Section 7. Employment Requirement
(a) Termination prior to Change in Control. Any payment to a Participant under the Plan shall be conditioned upon such Participant’s continued employment with the Company until the consummation of the Change in Control. A Participant shall not be entitled to the payment under an Award if his or her employment is terminated at any time or for any reason prior to the consummation of a Change in Control, including by reason of death, disability, retirement, voluntary or involuntary termination, or termination with or without cause.
(b) Termination following Change in Control. The termination of a Participant’s employment upon or following the consummation of a Change in Control shall not affect the Participant’s right to payment under an Award, regardless of the reason for such termination.
Section 8. Unfunded Status
All rights of Participants to benefits under the Plan are unfunded obligations of the Company. Plan benefits shall be paid from the general assets of the Company, and each of the Participants shall have the status of an unsecured general creditor of the Company with respect to all interests under the Plan.
Section 9. General Provisions
(a) Effective Date. The Plan, as amended and restated, is effective as of March __, 2015.
(b) Amendment and Termination. The Company may, from time to time, by action of the Board, amend or terminate the Plan at any time, provided that any resulting reduction in a Participant’s right to payments under a previously granted Award shall be compensated for by a replacement plan or arrangement of comparable value to the affected Participant. The determination of whether a replacement plan or arrangement is of comparable value shall be made by the Committee in its sole discretion, acting in good faith and based upon the facts and circumstances existing at the time of the Committee’s determination.
(c) No Right to Employment. Nothing in the Plan shall be deemed to give any Participant the right to remain employed by the Company or any subsidiary or to limit, in any way, the right of the Company or any subsidiary to terminate, or to change the terms of, a Participant’s employment at any time.
(d) Governing Law. The Plan shall be governed by and construed in accordance with the laws of Delaware, without regard to choice-of-law rules.

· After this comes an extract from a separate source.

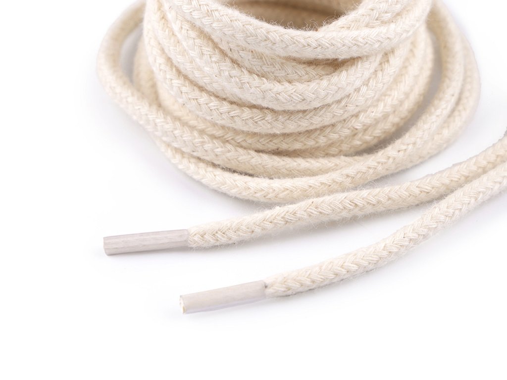 Kulaté bavlněné tkaničky jsou opatřené koncovkami. Využijete je nejen do bot, ale také do tunýlků bund, mikin, tepláků a jiných oděvů.

THE ULTIMATE SOFTWARE GROUP, INC.
(Revised March 6, 2015)
Each of the following Change in Control payment amounts is subject to the aggregate limit on payments under the Plan equal to three and one-half percent (3.5%) of the Sales Proceeds, as set forth in Section 6(b) of the Plan.
Participant #1 -
Scott Scherr, President and Chief Executive Officer. Mr. Scherr will be entitled to a payment under the Plan equal to 1.00% of the Sales Proceeds upon the consummation of a Change in Control.
Participant #2 -
Marc D. Scherr, Vice Chairman and Chief Operating Officer. Mr. Scherr will be entitled to a payment under the Plan equal to 1.00% of the Sales Proceeds upon the consummation of a Change in Control.
Participant #3 -
Mitchell K. Dauerman, Executive Vice President, Chief Financial Officer and Treasurer. Mr. Dauerman will be entitled to a payment under the Plan equal to 0.25% of the Sales Proceeds upon the consummation of a Change in Control.
280G Gross-Up Payment -
To the extent that the Change in Control payments to any of the Participants named above, whether under the Plan or otherwise, exceed the limitation of Section 280G of the Internal Revenue Code of 1986, as amended from time to time (the “Code”), such that an excise tax will be imposed under Section 4999 of the Code, each such Participant will receive an additional “gross up” payment to indemnify him for the effect of such excise taxes. The Participant’s “gross-up” rights shall be as set forth in a separate letter agreement with the Company.